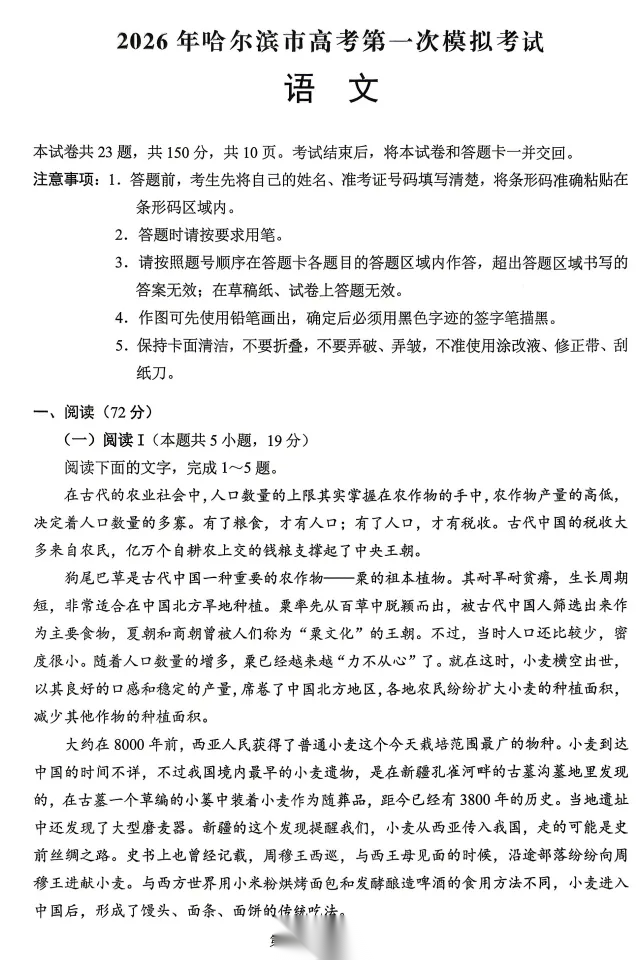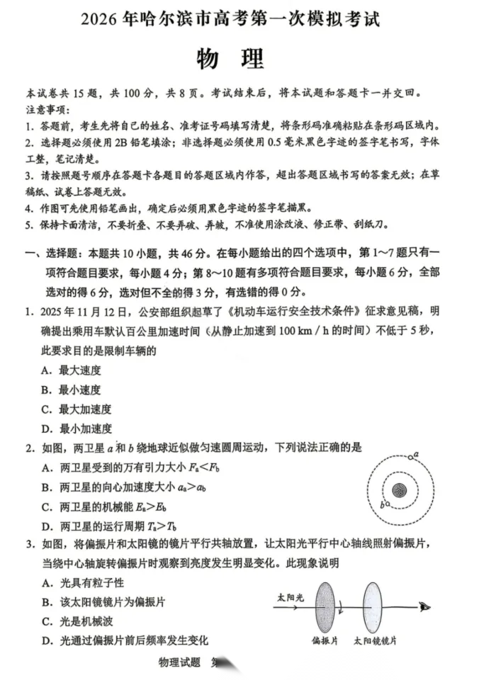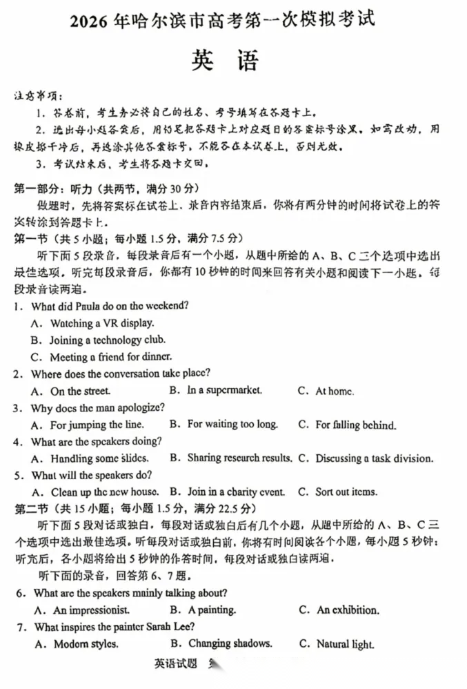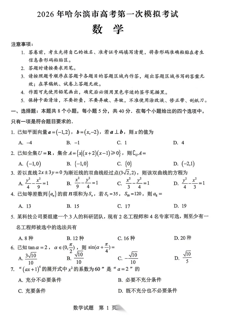 【黑吉辽蒙卷】黑龙江省哈尔滨市2026年高考高三年级第一次模拟考试(哈尔滨一模)(4.7-4.9) 全科试题卷 +答案
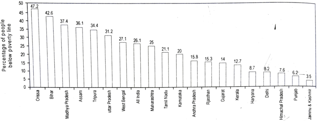 Ans. Interstate disparities in India: One of the aspects of poverty in India is inter-state disparities in India. The proportion of poor people is not the same in every state. Although state level poverty has witness a regular declined from the levels of early seventies, the success rate of reducing poverty varies from state to state. Inter-state disparities of poverty in India is clear from the following facts:
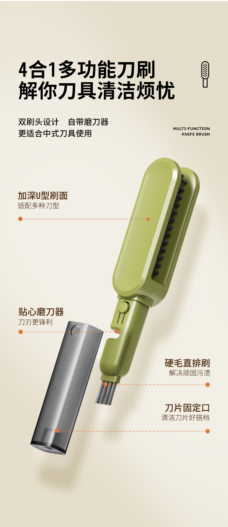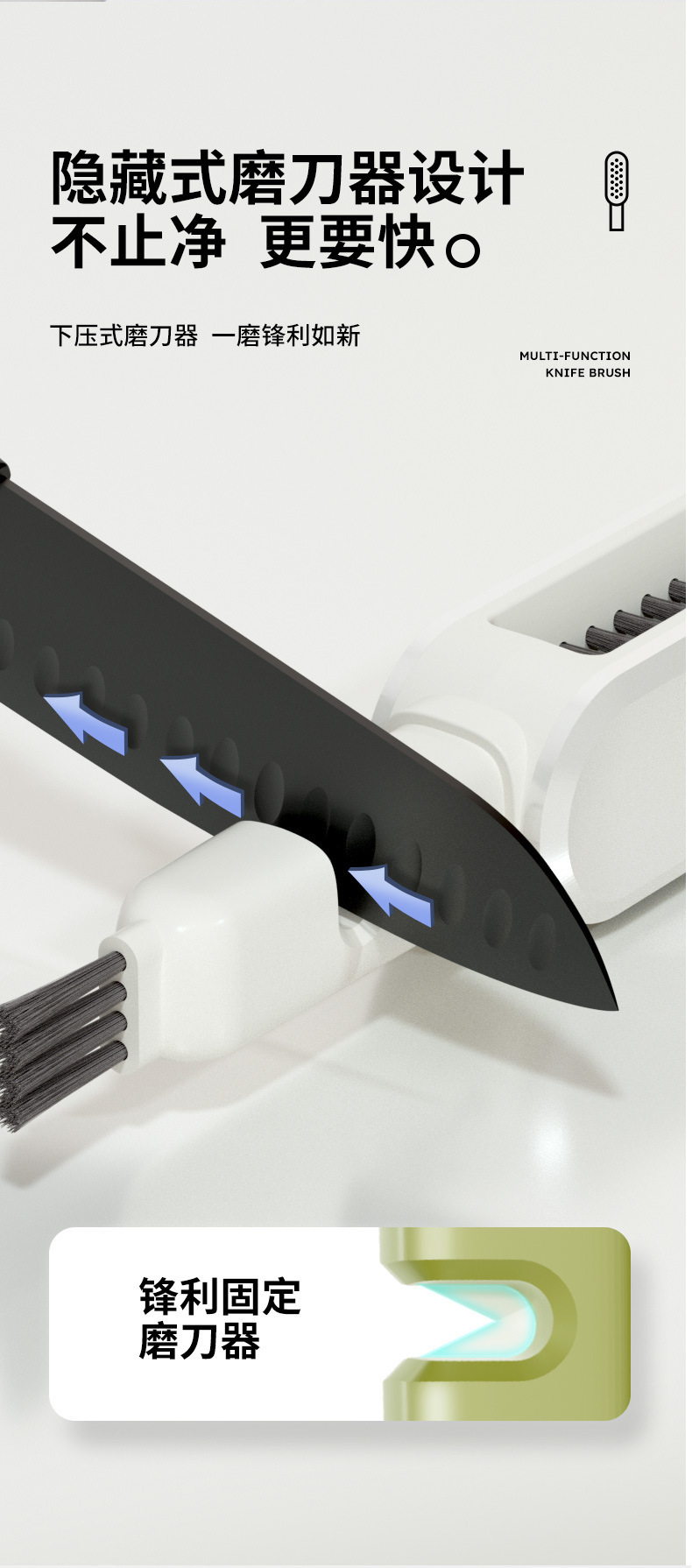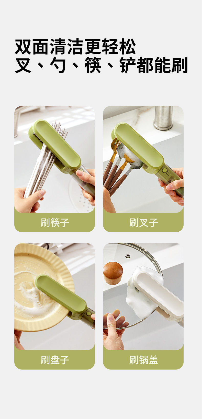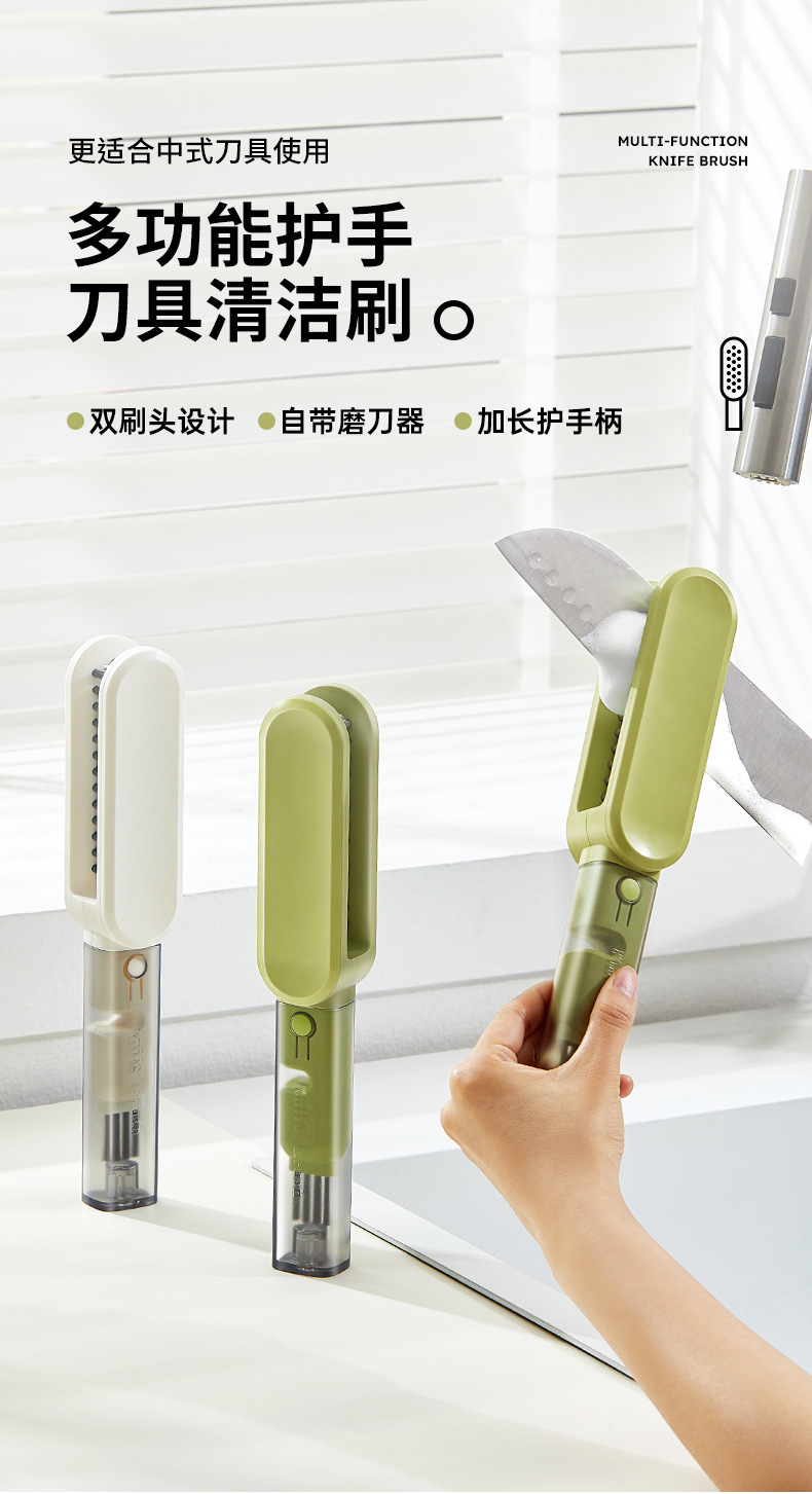 多功能刀具清潔刷,四合一刷頭設計,安全防護不傷手,輕鬆深入清潔各種刀叉縫隙,廚房必備神器!
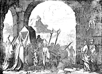 Description: A burial procession of Joseph’s family and Pharaoh’s court accompanies Jacob’s body from Egypt to the land of Canaan. The artist’s or engraver’s initials (AZ) have been placed on the bottom left.
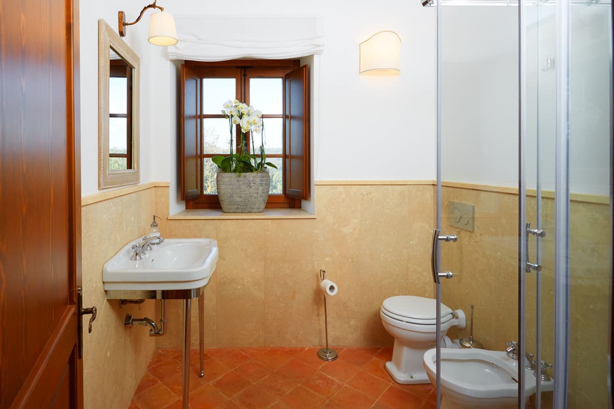 A wide hallway from the dining room leads past the laundry room to the big, square kitchen with a farmhouse table, antique Tuscan dresser and granite countertops around a large 6-hob cooker. Glazed doors open onto a furnished shaded patio, an enticing outside dining area looking down towards the pool. A sliding door off the kitchen access a guest WC, and a corridor off of which are three bedrooms. There is a double bedroom with ensuite bathroom with separate shower, and two bedrooms that share a shower room - a double and a bedroom with independent garden access, whose single sofa is easily converted into a double bed.
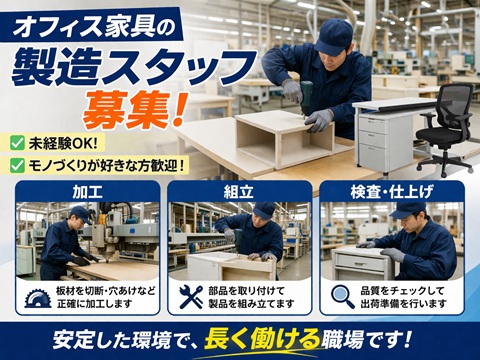 日勤/工場/未経験OK  オフィス家具の組立・検査
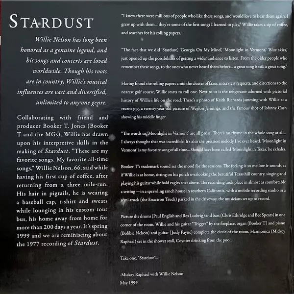 Willie Nelson (voc, g); Booker T. Jones (org, p); Jody Payne (g); Bobbie Nelson (p); Bee Spears, Chris Ethridge (b); Mickey Raphael (hca); Paul English, Rex Ludwick (dr) Willie Nelson has long been revered as a true legend, his songs and concerts popular around the world. Although his roots are in country music, his musical influences are as wid...
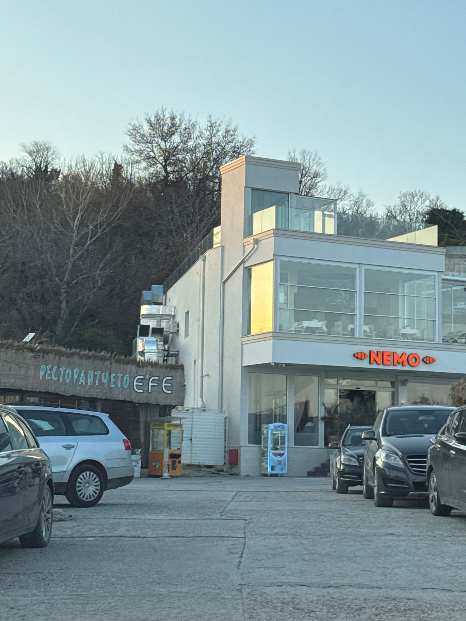 The image depicts a street scene in Varna, Bulgaria. The focus is on a two-story building housing a restaurant named "NEMO". The restaurant has large glass windows. Next to it, a sign reads "РЕСТОРАНТ…read more
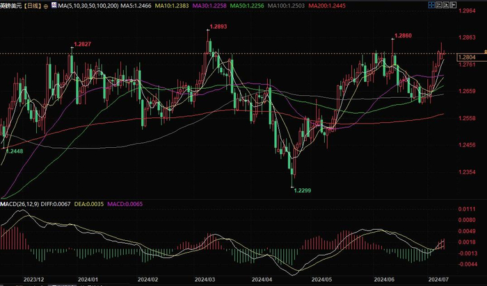 英镑兑美元日线图北京时间7月9日10:56,英镑兑美元报1.2804/05
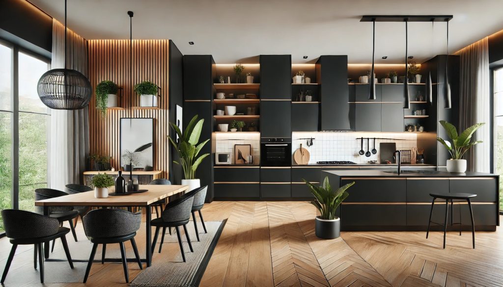Siyah mutfak dolapları, modern ve cesur bir seçimdir. Bu renk, mutfağa lüks bir hava katar. Ancak, siyah dolaplar daha küçük mutfaklarda boğucu olabilir, bu yüzden iyi aydınlatma ile dengelenmelidir.
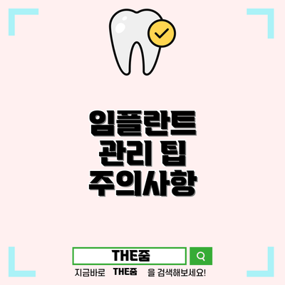 임플란트 수술 후에는 치아와 잇몸의 건강을 유지하기 위해 세심한 관리가 필요합니다. 위에서 언급한 주의사항을 잘 지키고, 정기적으로 치과를 방문하여 검진을 받는 것이 중요합니다. 이제 여러분의 미소를 더욱 빛나게 할 준비가 되었나요? 임플란트 관리에 최선을 다하여 건강한 치아를 유지하시길 바랍니다!
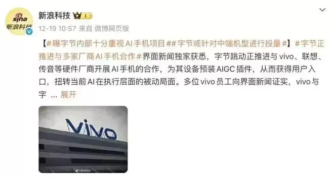 事实上,这场合作早有端倪。新浪科技在去年12月的一份报道中就曾指出:“字节跳动正推进与vivo、联想、传音等硬件厂商开展AI手机的合作,为其设备预装AIGC插件,从而获得用户入口,扭转当前AI在执行层面的被动局面。”报道中还提到,多位vivo员工已向媒体证实,vivo与字节跳动的合作已经确认,双方正在讨论具体细节。

### Your task
Leave out each picture and extract the lines from the one containing "The image depicts" through the end of the records above, inclusive, exactly as they stand.

### Problem solution
 The image depicts a street scene in Varna, Bulgaria. The focus is on a two-story building housing a restaurant named "NEMO". The restaurant has large glass windows. Next to it, a sign reads "РЕСТОРАНТ…read more
 英镑兑美元日线图北京时间7月9日10:56,英镑兑美元报1.2804/05
Siyah mutfak dolapları, modern ve cesur bir seçimdir. Bu renk, mutfağa lüks bir hava katar. Ancak, siyah dolaplar daha küçük mutfaklarda boğucu olabilir, bu yüzden iyi aydınlatma ile dengelenmelidir.
 임플란트 수술 후에는 치아와 잇몸의 건강을 유지하기 위해 세심한 관리가 필요합니다. 위에서 언급한 주의사항을 잘 지키고, 정기적으로 치과를 방문하여 검진을 받는 것이 중요합니다. 이제 여러분의 미소를 더욱 빛나게 할 준비가 되었나요? 임플란트 관리에 최선을 다하여 건강한 치아를 유지하시길 바랍니다!
 事实上,这场合作早有端倪。新浪科技在去年12月的一份报道中就曾指出:“字节跳动正推进与vivo、联想、传音等硬件厂商开展AI手机的合作,为其设备预装AIGC插件,从而获得用户入口,扭转当前AI在执行层面的被动局面。”报道中还提到,多位vivo员工已向媒体证实,vivo与字节跳动的合作已经确认,双方正在讨论具体细节。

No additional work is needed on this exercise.